Paris Club refund: Governors can’t back out of payment to consultants, says Malami



Abubakar Malami, attorney-general of the federation (AGF), says there is no going back on the federal government’s decision to deduct $418 million from the 36 states’ accounts to pay private consultants for the Paris Club refund.

Speaking with journalists on Wednesday in Abuja, he said it was too late for the governors to backtrack on the indebtedness they had earlier acknowledged and committed to pay.


The governors had recently obtained an order from a federal high court in Abuja, restraining the federal government from deducting $418 million from states’ accounts for the purpose of paying the disputed debt.


On Monday, the NGF accused Malami of bias in handling the controversial debt.

They said his decision to throw his weight behind the consultants “raises questions of propriety and the spirit of justice.”


Tracing the genesis of the dispute, Malami said the NGF and the Association of Local Governments of Nigeria (ALGON), as well as the consultants, entered into a consent judgment of $3.2 billion in 2013, which they made a commitment to pay and actually made part payments between 2016 and 2017.

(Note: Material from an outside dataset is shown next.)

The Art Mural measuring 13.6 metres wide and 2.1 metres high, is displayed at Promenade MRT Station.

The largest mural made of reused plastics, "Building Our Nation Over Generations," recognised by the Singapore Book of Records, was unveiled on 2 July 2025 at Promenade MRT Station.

On whether the federal government’s insistence on the deduction would not amount to disrespecting an existing court order and circumventing pending court cases, Malami wondered why the states decided to go to court after making part payments.


He recalled that because the federal government was suspicious of the huge claim the NGF and ALGON made on behalf of the consultants, which was about $3.2 billion, the FG invited the Economic and Financial Crimes Commission (EFCC) and the State Security Services (SSS) to verify the services rendered by the said consultants.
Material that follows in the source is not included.